After finding the line with "2025年5月15日,防城区" in the entries below, retype exactly each line from there through the line with "za osobu | ||", including that final line.

# Records for this exercise:
####################
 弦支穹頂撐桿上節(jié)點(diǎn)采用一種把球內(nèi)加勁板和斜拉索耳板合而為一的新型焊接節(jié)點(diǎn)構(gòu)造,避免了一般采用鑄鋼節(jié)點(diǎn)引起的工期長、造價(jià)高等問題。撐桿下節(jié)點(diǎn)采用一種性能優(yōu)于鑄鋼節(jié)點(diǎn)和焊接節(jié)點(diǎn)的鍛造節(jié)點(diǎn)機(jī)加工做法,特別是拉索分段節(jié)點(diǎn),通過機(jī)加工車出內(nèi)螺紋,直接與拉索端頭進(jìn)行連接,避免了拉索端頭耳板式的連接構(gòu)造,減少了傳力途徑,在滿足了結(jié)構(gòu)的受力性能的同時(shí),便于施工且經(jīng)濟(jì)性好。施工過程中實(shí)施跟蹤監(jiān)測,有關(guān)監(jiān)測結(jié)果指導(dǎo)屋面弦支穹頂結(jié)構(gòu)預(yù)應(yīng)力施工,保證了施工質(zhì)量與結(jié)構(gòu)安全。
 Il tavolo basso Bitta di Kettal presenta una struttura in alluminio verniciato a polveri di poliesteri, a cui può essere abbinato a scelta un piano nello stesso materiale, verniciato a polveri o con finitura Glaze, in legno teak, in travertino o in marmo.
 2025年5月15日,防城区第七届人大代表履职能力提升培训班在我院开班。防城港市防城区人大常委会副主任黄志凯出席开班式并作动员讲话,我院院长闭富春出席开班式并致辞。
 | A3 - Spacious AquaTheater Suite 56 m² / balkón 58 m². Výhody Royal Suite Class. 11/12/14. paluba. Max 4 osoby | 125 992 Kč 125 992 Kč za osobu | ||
####################
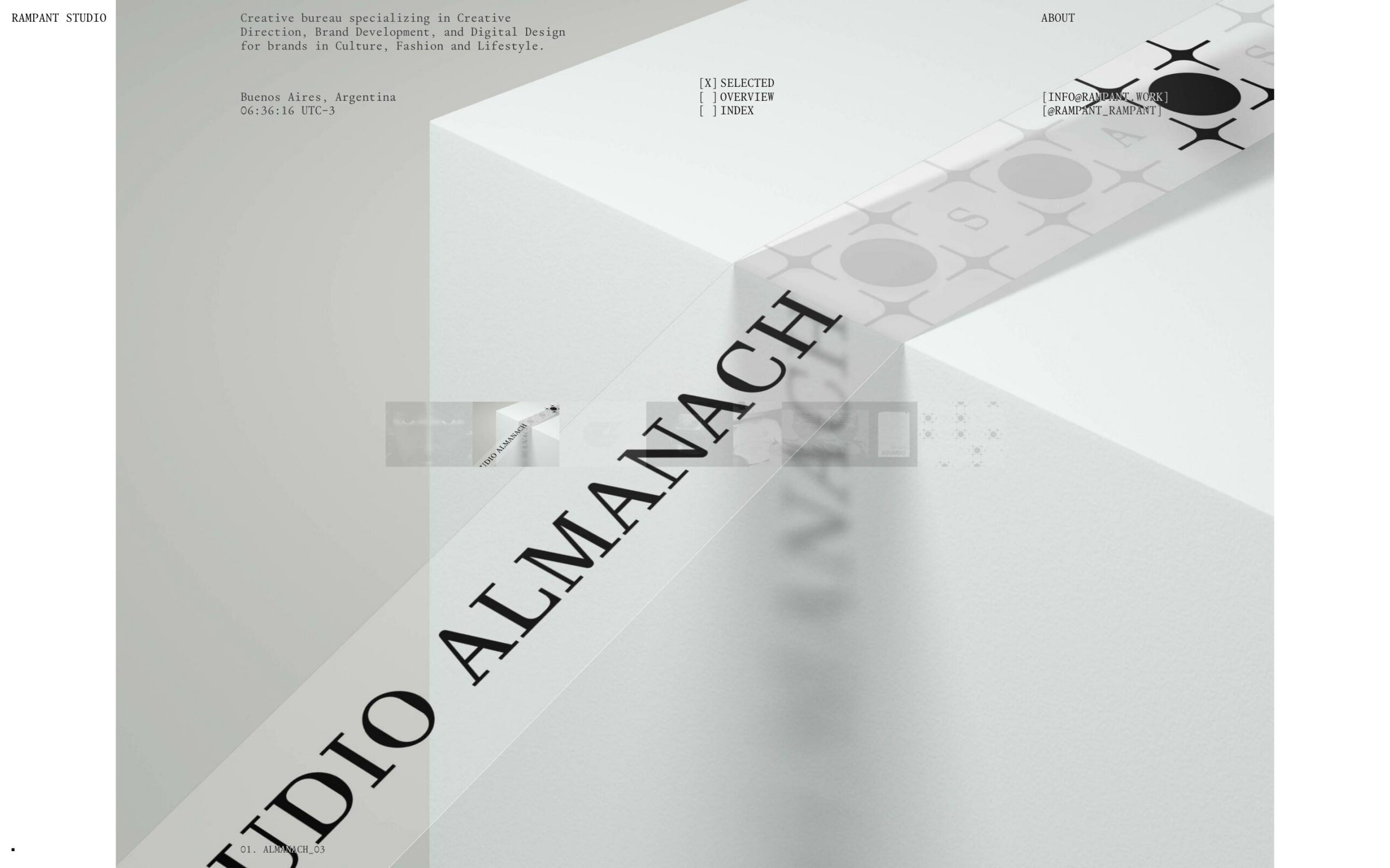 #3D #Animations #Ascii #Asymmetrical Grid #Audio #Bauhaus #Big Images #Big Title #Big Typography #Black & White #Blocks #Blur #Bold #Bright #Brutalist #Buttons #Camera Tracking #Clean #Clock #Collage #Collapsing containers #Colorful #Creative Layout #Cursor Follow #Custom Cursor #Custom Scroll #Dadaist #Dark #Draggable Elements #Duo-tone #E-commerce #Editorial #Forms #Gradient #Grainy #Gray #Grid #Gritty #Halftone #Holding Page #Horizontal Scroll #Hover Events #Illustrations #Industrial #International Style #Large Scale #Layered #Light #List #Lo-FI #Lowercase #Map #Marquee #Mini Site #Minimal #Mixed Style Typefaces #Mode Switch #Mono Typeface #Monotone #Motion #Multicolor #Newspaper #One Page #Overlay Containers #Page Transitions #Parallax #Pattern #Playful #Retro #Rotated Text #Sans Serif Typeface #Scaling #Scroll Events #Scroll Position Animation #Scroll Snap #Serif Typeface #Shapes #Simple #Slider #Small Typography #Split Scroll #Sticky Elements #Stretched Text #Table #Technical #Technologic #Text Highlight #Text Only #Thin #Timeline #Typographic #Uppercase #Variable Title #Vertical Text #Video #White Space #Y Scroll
####################
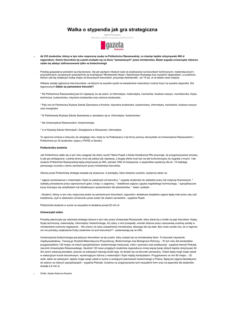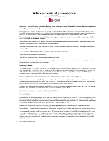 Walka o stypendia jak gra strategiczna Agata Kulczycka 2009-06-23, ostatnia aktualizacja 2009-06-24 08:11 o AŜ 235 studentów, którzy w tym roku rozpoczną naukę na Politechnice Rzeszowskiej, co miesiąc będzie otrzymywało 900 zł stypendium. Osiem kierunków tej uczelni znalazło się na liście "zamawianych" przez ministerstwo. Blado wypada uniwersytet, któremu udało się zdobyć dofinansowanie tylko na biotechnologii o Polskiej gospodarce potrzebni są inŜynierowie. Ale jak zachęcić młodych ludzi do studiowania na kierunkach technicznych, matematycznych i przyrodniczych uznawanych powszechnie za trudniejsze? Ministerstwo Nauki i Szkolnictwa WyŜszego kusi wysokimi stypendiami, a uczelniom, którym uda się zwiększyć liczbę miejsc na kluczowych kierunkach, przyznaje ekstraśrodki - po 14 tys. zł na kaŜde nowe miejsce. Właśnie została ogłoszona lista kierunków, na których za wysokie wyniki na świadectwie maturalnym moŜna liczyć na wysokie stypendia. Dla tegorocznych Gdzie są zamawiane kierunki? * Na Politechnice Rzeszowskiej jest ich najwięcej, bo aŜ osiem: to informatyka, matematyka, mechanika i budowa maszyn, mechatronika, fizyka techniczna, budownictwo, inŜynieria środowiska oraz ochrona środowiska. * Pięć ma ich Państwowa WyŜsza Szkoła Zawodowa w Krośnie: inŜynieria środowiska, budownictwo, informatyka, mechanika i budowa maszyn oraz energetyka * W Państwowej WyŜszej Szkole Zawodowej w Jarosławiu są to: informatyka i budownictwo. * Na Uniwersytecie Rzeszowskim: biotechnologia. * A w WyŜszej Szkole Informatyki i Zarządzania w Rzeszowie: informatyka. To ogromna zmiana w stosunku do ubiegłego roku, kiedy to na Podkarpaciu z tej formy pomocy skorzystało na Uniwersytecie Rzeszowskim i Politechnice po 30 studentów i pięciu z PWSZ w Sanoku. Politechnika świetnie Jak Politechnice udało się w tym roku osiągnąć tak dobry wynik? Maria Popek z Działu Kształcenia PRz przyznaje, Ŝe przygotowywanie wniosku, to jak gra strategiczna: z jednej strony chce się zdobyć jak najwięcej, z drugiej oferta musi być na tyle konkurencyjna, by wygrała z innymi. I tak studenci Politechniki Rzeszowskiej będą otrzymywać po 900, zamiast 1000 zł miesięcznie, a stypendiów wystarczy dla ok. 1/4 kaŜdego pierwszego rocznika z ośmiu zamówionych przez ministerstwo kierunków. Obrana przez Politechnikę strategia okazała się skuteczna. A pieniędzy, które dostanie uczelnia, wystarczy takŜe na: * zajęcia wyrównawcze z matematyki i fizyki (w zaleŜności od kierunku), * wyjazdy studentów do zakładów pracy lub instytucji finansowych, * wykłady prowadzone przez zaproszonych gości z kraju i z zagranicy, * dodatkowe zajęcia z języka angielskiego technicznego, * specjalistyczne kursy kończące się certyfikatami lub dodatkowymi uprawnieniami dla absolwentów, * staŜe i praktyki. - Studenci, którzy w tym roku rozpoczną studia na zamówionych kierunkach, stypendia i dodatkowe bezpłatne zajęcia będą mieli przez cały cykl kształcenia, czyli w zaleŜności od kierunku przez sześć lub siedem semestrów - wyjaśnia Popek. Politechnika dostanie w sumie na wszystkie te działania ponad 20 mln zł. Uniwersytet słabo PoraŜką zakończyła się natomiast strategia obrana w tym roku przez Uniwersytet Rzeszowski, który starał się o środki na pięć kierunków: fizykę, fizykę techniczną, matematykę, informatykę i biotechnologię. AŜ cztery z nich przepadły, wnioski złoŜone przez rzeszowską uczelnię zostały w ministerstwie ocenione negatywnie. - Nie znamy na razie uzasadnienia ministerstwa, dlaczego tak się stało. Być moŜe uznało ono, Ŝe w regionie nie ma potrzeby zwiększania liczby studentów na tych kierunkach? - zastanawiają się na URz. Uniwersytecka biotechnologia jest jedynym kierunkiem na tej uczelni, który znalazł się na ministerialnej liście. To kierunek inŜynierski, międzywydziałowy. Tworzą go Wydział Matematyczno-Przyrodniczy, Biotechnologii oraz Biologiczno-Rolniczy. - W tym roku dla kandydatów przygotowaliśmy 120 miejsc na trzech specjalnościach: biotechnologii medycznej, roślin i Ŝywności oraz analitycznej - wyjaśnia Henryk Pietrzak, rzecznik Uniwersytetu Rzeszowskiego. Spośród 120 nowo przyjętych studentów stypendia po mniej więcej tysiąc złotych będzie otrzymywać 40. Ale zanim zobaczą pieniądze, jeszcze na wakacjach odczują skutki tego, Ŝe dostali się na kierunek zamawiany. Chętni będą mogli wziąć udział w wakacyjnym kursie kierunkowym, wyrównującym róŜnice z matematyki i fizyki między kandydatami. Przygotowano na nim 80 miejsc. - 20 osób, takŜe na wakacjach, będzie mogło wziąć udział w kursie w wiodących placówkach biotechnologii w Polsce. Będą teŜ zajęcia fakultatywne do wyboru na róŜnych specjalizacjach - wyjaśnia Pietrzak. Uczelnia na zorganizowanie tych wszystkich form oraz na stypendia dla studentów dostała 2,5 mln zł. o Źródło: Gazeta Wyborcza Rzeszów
####################
# Solved problem:
 2025年5月15日,防城区第七届人大代表履职能力提升培训班在我院开班。防城港市防城区人大常委会副主任黄志凯出席开班式并作动员讲话,我院院长闭富春出席开班式并致辞。
 | A3 - Spacious AquaTheater Suite 56 m² / balkón 58 m². Výhody Royal Suite Class. 11/12/14. paluba. Max 4 osoby | 125 992 Kč 125 992 Kč za osobu | ||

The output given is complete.